参与MedSeq项目的研究人员展示了对100个参与者基因组的分析结果,考虑到分析和重新分析数千个基因变异的可行性。
来自Partners Healthcare Personalized Medicine、Brigham and Women’s Hospital、Harvard Medical School、Broad Institute和Massachusetts General Hospital的研究人员评估了50名健康个体和50名心肌病个体的序列数据,重点关注4500多个单基因疾病基因和变异,这些基因可能作为药物基因组学、血液抗原血清型和/或多基因风险标记。在这个过程中,他们最初在大约一半的心肌病患者中确定了明显的疾病元凶。
当他们报道今天在网上美国人类遗传学杂志研究人员还发现,在100名参与者中,除两人外,其他人都有单基因疾病风险或带菌者身份。同样,95%的参与者携带与药物基因组学相关的变异,涉及对所考虑的五种药物中的一种或多种的非标准反应,几乎三分之一的个体至少有一种罕见的血液抗原基因型。在研究的再分析阶段,有十多个变异被重新分类,发现了另外18个可报告的变异。
“这些发现强调了从基因组测序数据的广泛分析中获得的医学相关发现的数量,以及对诊断指征和次要发现的数据进行定期重新解释和重新分析的必要性,”通讯和共同高级作者海蒂·雷姆(Heidi Rehm)在一份声明中说,她是Partners Healthcare、BWH、哈佛大学、broad和MGH的分子医学、病理学和医学和人口遗传学研究员。
在一个纸发表在BMC医学遗传学2014年,Rehm和同事分享了MedSeq项目分析的前20个基因组的医学相关发现,并描述了为这些参与者开发的报告程序。

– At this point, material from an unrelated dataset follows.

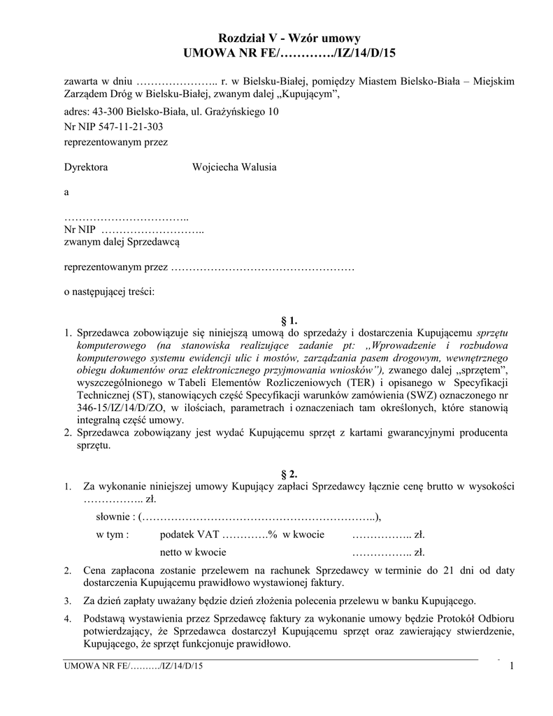 Rozdział V - Wzór umowy UMOWA NR FE/…………./IZ/14/D/15 zawarta w dniu ………………….. r. w Bielsku-Białej, pomiędzy Miastem Bielsko-Biała – Miejskim Zarządem Dróg w Bielsku-Białej, zwanym dalej „Kupującym”, adres: 43-300 Bielsko-Biała, ul. Grażyńskiego 10 Nr NIP 547-11-21-303 reprezentowanym przez Dyrektora Wojciecha Walusia a …………………………….. Nr NIP ……………………….. zwanym dalej Sprzedawcą reprezentowanym przez …………………………………………… o następującej treści: § 1. 1. Sprzedawca zobowiązuje się niniejszą umową do sprzedaży i dostarczenia Kupującemu sprzętu komputerowego (na stanowiska realizujące zadanie pt: ,,Wprowadzenie i rozbudowa komputerowego systemu ewidencji ulic i mostów, zarządzania pasem drogowym, wewnętrznego obiegu dokumentów oraz elektronicznego przyjmowania wniosków”), zwanego dalej ,,sprzętem”, wyszczególnionego w Tabeli Elementów Rozliczeniowych (TER) i opisanego w Specyfikacji Technicznej (ST), stanowiących część Specyfikacji warunków zamówienia (SWZ) oznaczonego nr 346-15/IZ/14/D/ZO, w ilościach, parametrach i oznaczeniach tam określonych, które stanowią integralną część umowy. 2. Sprzedawca zobowiązany jest wydać Kupującemu sprzęt z kartami gwarancyjnymi producenta sprzętu. 1. § 2. Za wykonanie niniejszej umowy Kupujący zapłaci Sprzedawcy łącznie cenę brutto w wysokości …………….. zł. słownie : (………………………………………………………..), w tym : podatek VAT ………….% w kwocie …………….. zł. netto w kwocie …………….. zł. 2. Cena zapłacona zostanie przelewem na rachunek Sprzedawcy w terminie do 21 dni od daty dostarczenia Kupującemu prawidłowo wystawionej faktury. 3. Za dzień zapłaty uważany będzie dzień złożenia polecenia przelewu w banku Kupującego. 4. Podstawą wystawienia przez Sprzedawcę faktury za wykonanie umowy będzie Protokół Odbioru potwierdzający, że Sprzedawca dostarczył Kupującemu sprzęt oraz zawierający stwierdzenie, Kupującego, że sprzęt funkcjonuje prawidłowo. UMOWA NR FE/………./IZ/14/D/15 1 5. 1. 2. 1. Sprzedawca nie może bez pisemnej – pod rygorem nieważności – i uprzedniej zgody Kupującego przenieść na osobę trzecią żadnej wierzytelności wynikającej z niniejszej umowy. § 3. Sprzedawca zobowiązany jest wykonać niniejszą umowę w terminie do 22.12.2015 r. Sprzedawca zobowiązuje się względem Kupującego do dostarczenia zamówionego sprzętu na jego adres, tj. Miejski Zarząd Dróg w Bielsku-Białej, 43-300 Bielsko-Biała, ul. Grażyńskiego 10. Wymienione miejsce jest miejscem wykonania umowy. § 4. W terminie do 5 dni od dnia wykonania umowy zostanie sporządzony Protokół Odbioru Końcowego, podpisany przez Sprzedawcę i Kupującego. 2. Protokół Odbioru, o którym mowa w ust. 1, powinien zawierać w szczególności: 1) datę i miejsce sporządzenia protokołu, 2) datę dostarczenia sprzętu, 3) oświadczenie Kupującego o braku albo o istnieniu wad w realizacji umowy. 3. Zastrzeżenia, o których mowa w ust. 2 pkt 3, Kupujący zgłosi w protokole, jeżeli stwierdzi, że zamówienie nie odpowiada warunkom wskazanym w SWZ i/lub Ofercie Sprzedawcy. 4. W razie zgłoszenia zastrzeżeń w protokole, Kupujący pisemnie wyznaczy Sprzedawcy odpowiedni termin, nie dłuższy jednak niż 2 dni, w celu usunięcia stwierdzonych protokołem wad. Sprzedawca zobowiązuje się usunąć wady w wyznaczonym przez Kupującego terminie, bez osobnego wynagrodzenia z tego tytułu. 5. Po bezskutecznym upływie terminu wyznaczonego na podstawie ust. 4, Kupujący może od umowy odstąpić i żądać od Sprzedawcy zapłaty kary umownej określonej w § 6 ust. 1 pkt c). 1. § 5. Sprzedawca udziela Kupującemu 36 miesięcznej gwarancji na sprzęt licząc od dnia podpisania Protokołu Odbioru przez obie Strony bez zastrzeżeń. Wszelkie koszty napraw gwarancyjnych, w tym koszty transportu ponosi Sprzedawca. 2. Czas reakcji serwisu gwarancyjnego nie może być dłuższy niż 4 h od momentu zgłoszenia. 3. Czas naprawy (usunięcia wady) sprzętu nie przekroczy maksymalnie 24 godziny od momentu zgłoszenia, o którym mowa w ust. 2. 4. Serwis gwarancyjny świadczony będzie w miejscu użytkowania sprzętu, z możliwością naprawy w serwisie Sprzedawcy, jeśli naprawa w siedzibie Kupującego okaże się niemożliwa. 5. Jeżeli czas naprawy przekroczy 24 h licząc od zgłoszenia, o którym mowa w ust. 2, bądź naprawa w miejscu użytkowania nie będzie możliwa, Sprzedawca na czas naprawy udostępni zastępczy sprzęt (element sprzętu) o nie gorszych parametrach i standardach jak naprawiany. 6. Po wykonaniu 3 napraw gwarancyjnych danego sprzętu (elementu sprzętu), Sprzedawca na żądanie Kupującego zobowiązany jest do wymiany wadliwego sprzętu (elementu sprzętu) na nowy, wolny od wad, w terminie 14 dni od dnia zgłoszenia takiego żądania. 7. W przypadku wymiany sprzętu (elementu sprzętu) na nowy, wolny od wad, okres gwarancji wymienionego sprzętu (elementu sprzętu) biegnie na nowo od daty jego dostarczenia. Strony ustalają, że odpowiedzialność Sprzedawcy z tytułu rękojmi za wady zostaje rozszerzona poprzez udzielenie rękojmi na okres 36 miesięcy. UMOWA NR FE/………./IZ/14/D/15 2 8. 9. 1. Do gwarancji określonej w ust. 1 mają odpowiednie zastosowanie przepisy art. 577 do 581 kodeksu cywilnego. § 6. Strony postanawiają, że Sprzedawca zapłaci Kupującemu kary umowne: a) za zwłokę w wykonaniu umowy - w wysokości 100,00 zł. za każdy dzień zwłoki; b) za zwłokę w usunięciu wad sprzętu, stwierdzonych w okresie rękojmi i/bądź gwarancji – w wysokości 100,00 zł., za każdy dzień zwłoki; c) w przypadku odstąpienia od umowy przez Sprzedawcę lub Kupującego wskutek okoliczności, za które odpowiada Sprzedawca, w wysokości 5000,00 zł. 2. Kupujący może żądać odszkodowania przenoszącego wysokość z

在最新的研究中,研究小组使用标准化分析系统地搜索100个基因组中的临床相关变异,考虑到与单基因疾病、携带者状态、PGx性状、罕见血抗原或复杂性状风险有潜在联系的5000多个基因的变异和基因水平结果。随后,该小组探索了重新分析和报告新结果的步骤,时间跨度从最初分析后的六个月到近两年不等。
研究人员从每个基因组平均530万个变异开始,在通过分析管道过滤数据后,将每个基因组中的变异缩小到1000多个。
例如,他们最初在50名患有这种疾病的参与者中发现了24例心肌病相关变异,但随着ALPK3基因中心肌病危险变异的新信息的出现,他们更新了其中两个病例。
与此同时,当涉及单基因疾病时,研究小组在排除心肌病相关变异后,在21%的参与者中追踪到明显的单基因疾病贡献者。但94%的参与者似乎是单基因疾病携带者。
作者报告说,重新分析显著增加了信息性发现的数量,在22个个体中发现了新的风险变异和/或重新分类变异,并指出“er集成接口能够自动实时向医生提供先前报告的变异的更新。”
随着变异分类的日益深入,基因组再分析已成为研究的热点。在一篇通信文章中新英格兰医学杂志例如,来自贝勒医学院和贝勒遗传学学院的研究人员上周描述了新的分子诊断通过手动或半自动方法重新分析2011年至2013年间产生的临床外显子组序列数据。